Restate the listing below word for word; no pictures belong in the copy.

#### INPUT DATA
-- Opening Marker --

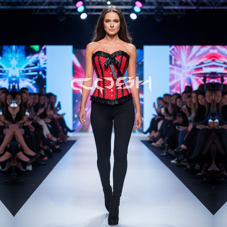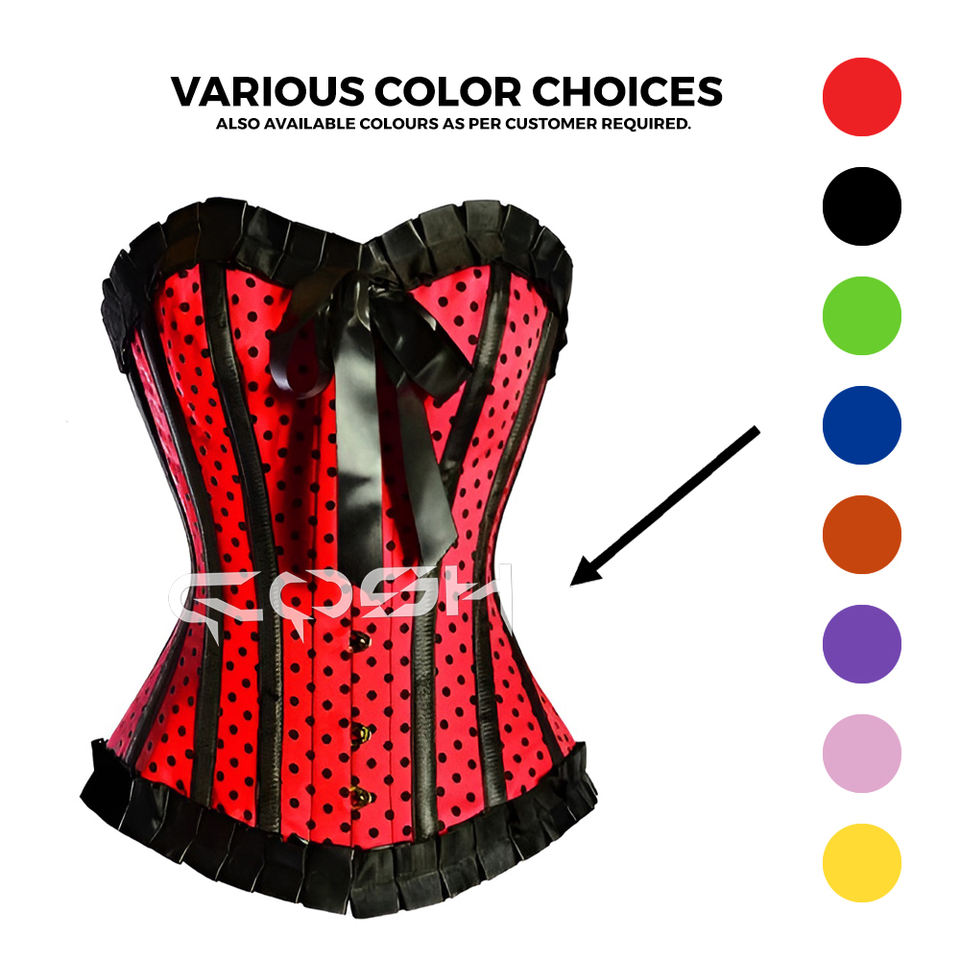 Premium Quality Red Satin Polka Dot Corset Top with Black Ruffle Trim & Ribbon Bow
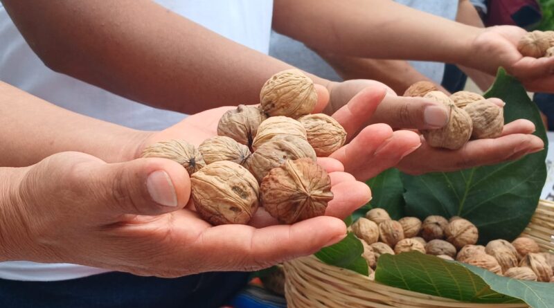 “Lo hacemos para mejorar la producción, por ejemplo, si un árbol tiene frutos muy pequeños y queremos que sean mejores, lo injertamos a propósito para que comience a producir mejor. Esto ha dado como resultado nuevos tipos, ya tenemos 12 pero queremos mejorar. También lo hacemos porque un árbol normalmente tarda entre 10 y 12 años para comenzar a producir, con los injertos las nuevas ramas tienen nueces en dos o tres años”, dijo uno de los campesinos.
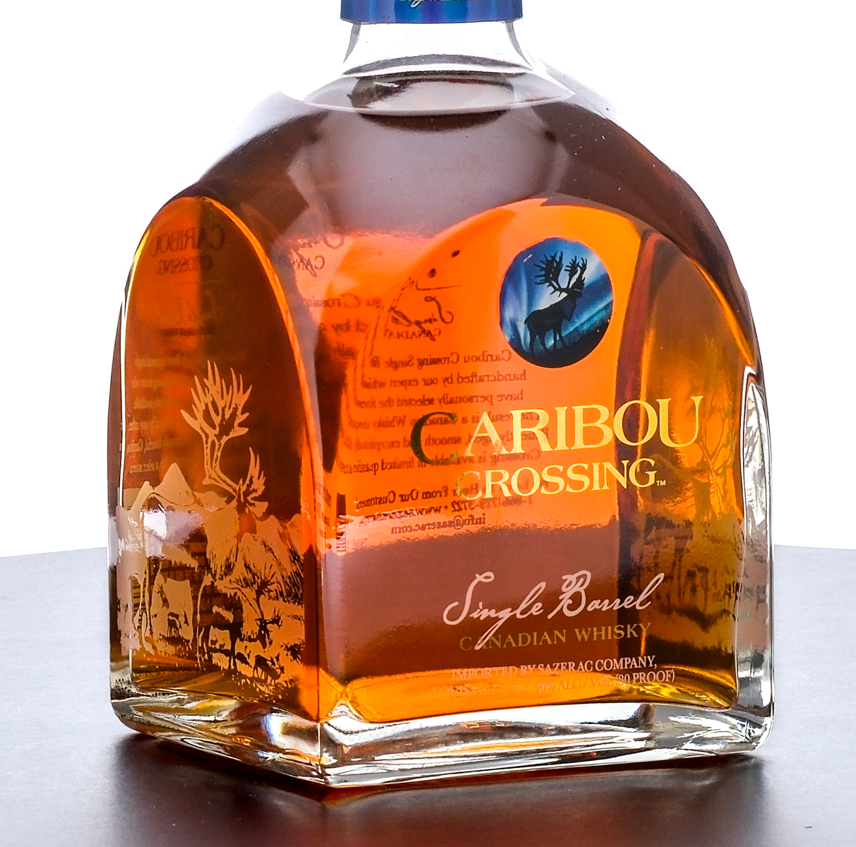 Caribou Crossing Single Barrel Canadian Whisky. 40% ALC/VOL (80 Proof). Does not have cardboard box or drawstring bag. Wax seal on bottle intact. Caribou figurine on cork top pristine. Screened and etched labels excellent. 750ml. Sazerac Distillers of Canada Inc. Imported by Sazerac Company (Louisville, KY).

-- Closing Marker --

#### ANSWER FOR THE TASK
 Premium Quality Red Satin Polka Dot Corset Top with Black Ruffle Trim & Ribbon Bow
 “Lo hacemos para mejorar la producción, por ejemplo, si un árbol tiene frutos muy pequeños y queremos que sean mejores, lo injertamos a propósito para que comience a producir mejor. Esto ha dado como resultado nuevos tipos, ya tenemos 12 pero queremos mejorar. También lo hacemos porque un árbol normalmente tarda entre 10 y 12 años para comenzar a producir, con los injertos las nuevas ramas tienen nueces en dos o tres años”, dijo uno de los campesinos.
 Caribou Crossing Single Barrel Canadian Whisky. 40% ALC/VOL (80 Proof). Does not have cardboard box or drawstring bag. Wax seal on bottle intact. Caribou figurine on cork top pristine. Screened and etched labels excellent. 750ml. Sazerac Distillers of Canada Inc. Imported by Sazerac Company (Louisville, KY).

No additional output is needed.